■ WORK TO COMPLETE
Please set down exactly the lines of the listing below from the line containing "市議員謝舒凡,身為學甲國中畢" through the line containing "待っている間にキャベツをいた", both lines included, leaving out all other lines.

■ EXTRACTED DATA
★ ★ ★ ★ ★

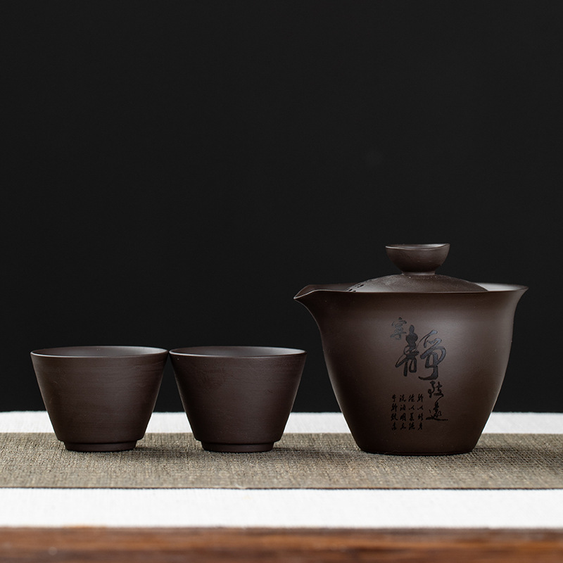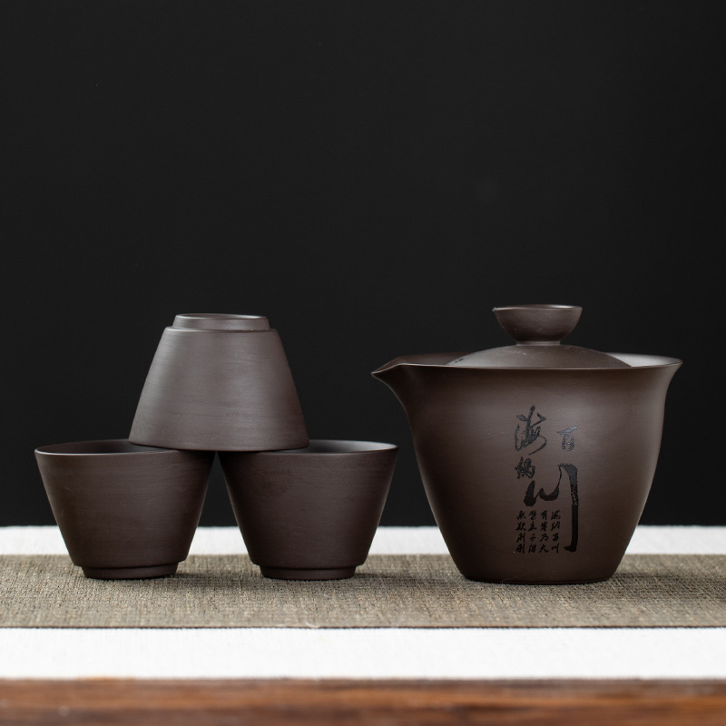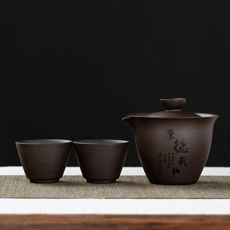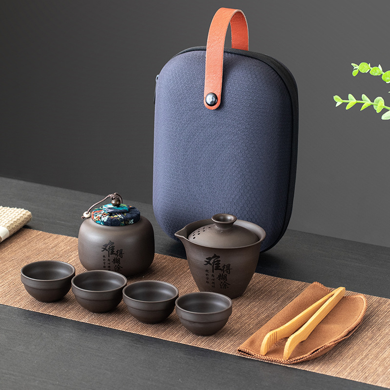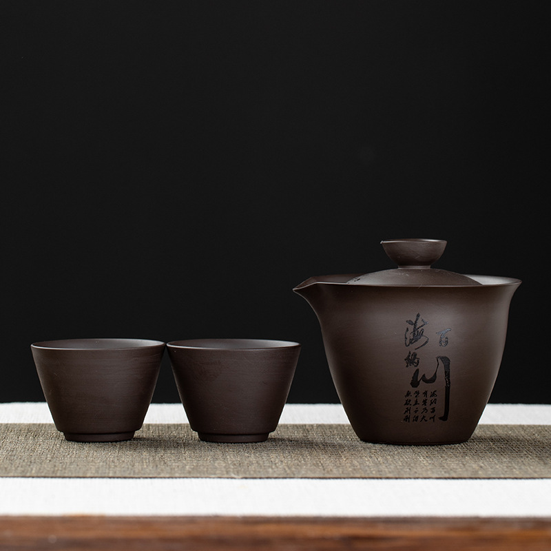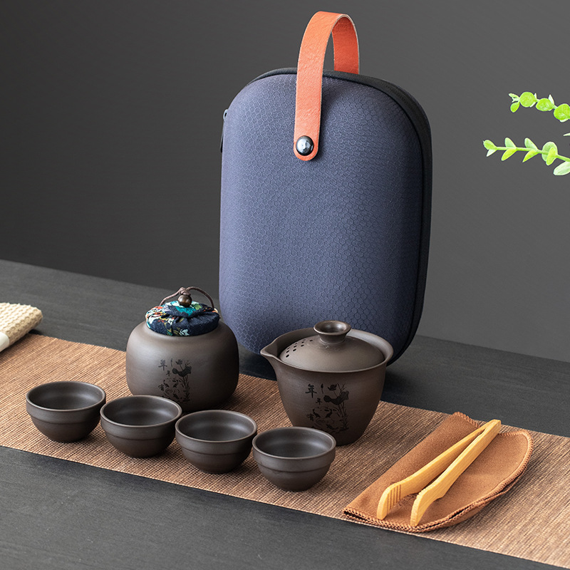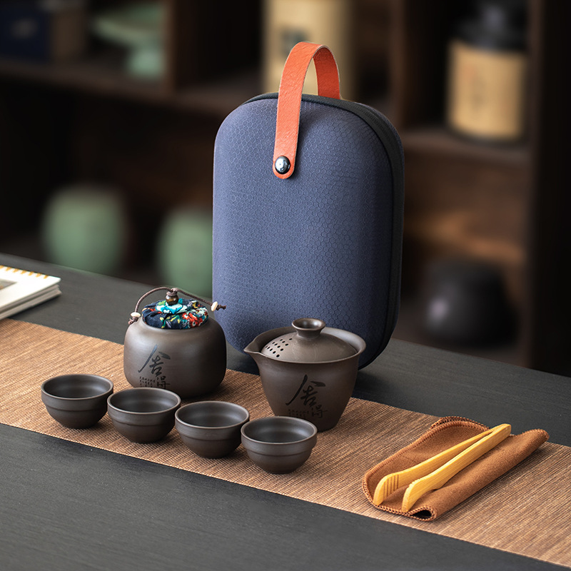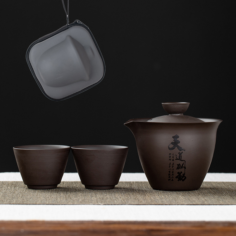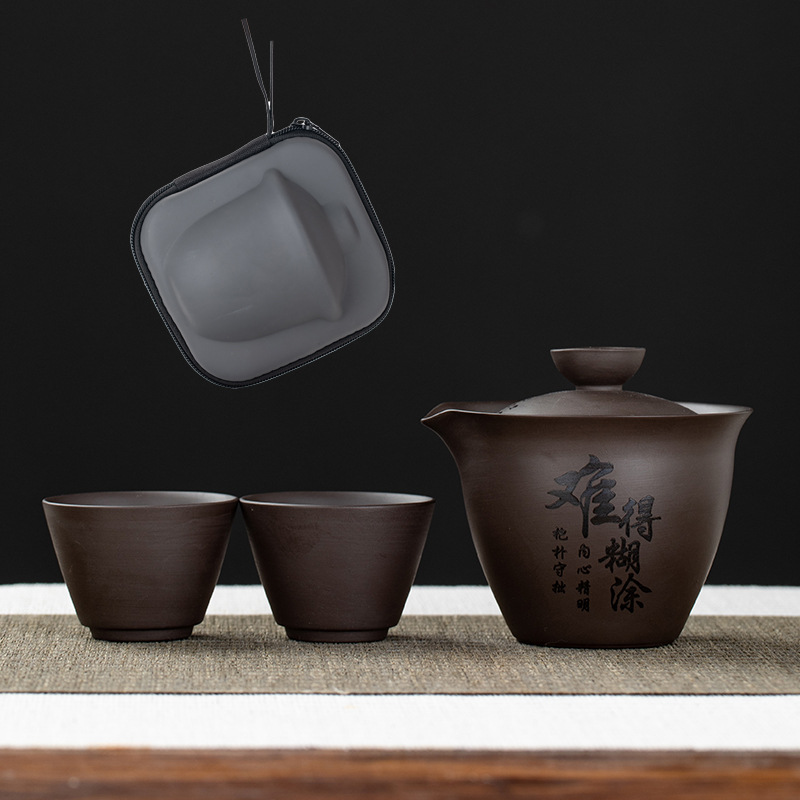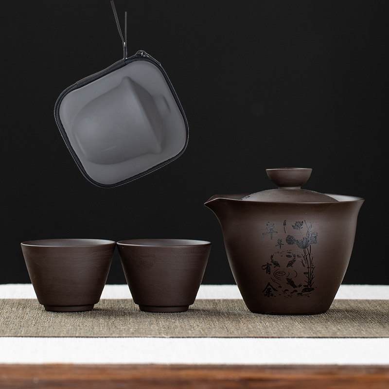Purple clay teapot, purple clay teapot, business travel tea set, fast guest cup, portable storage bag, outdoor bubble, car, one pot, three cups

★ ★ ★ ★ ★

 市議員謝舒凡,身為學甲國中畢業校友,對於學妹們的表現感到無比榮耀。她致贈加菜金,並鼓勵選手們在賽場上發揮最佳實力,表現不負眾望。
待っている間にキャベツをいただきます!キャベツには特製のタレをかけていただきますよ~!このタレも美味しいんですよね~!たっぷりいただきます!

★ ★ ★ ★ ★

■ SOLUTION BELOW
 市議員謝舒凡,身為學甲國中畢業校友,對於學妹們的表現感到無比榮耀。她致贈加菜金,並鼓勵選手們在賽場上發揮最佳實力,表現不負眾望。
待っている間にキャベツをいただきます!キャベツには特製のタレをかけていただきますよ~!このタレも美味しいんですよね~!たっぷりいただきます!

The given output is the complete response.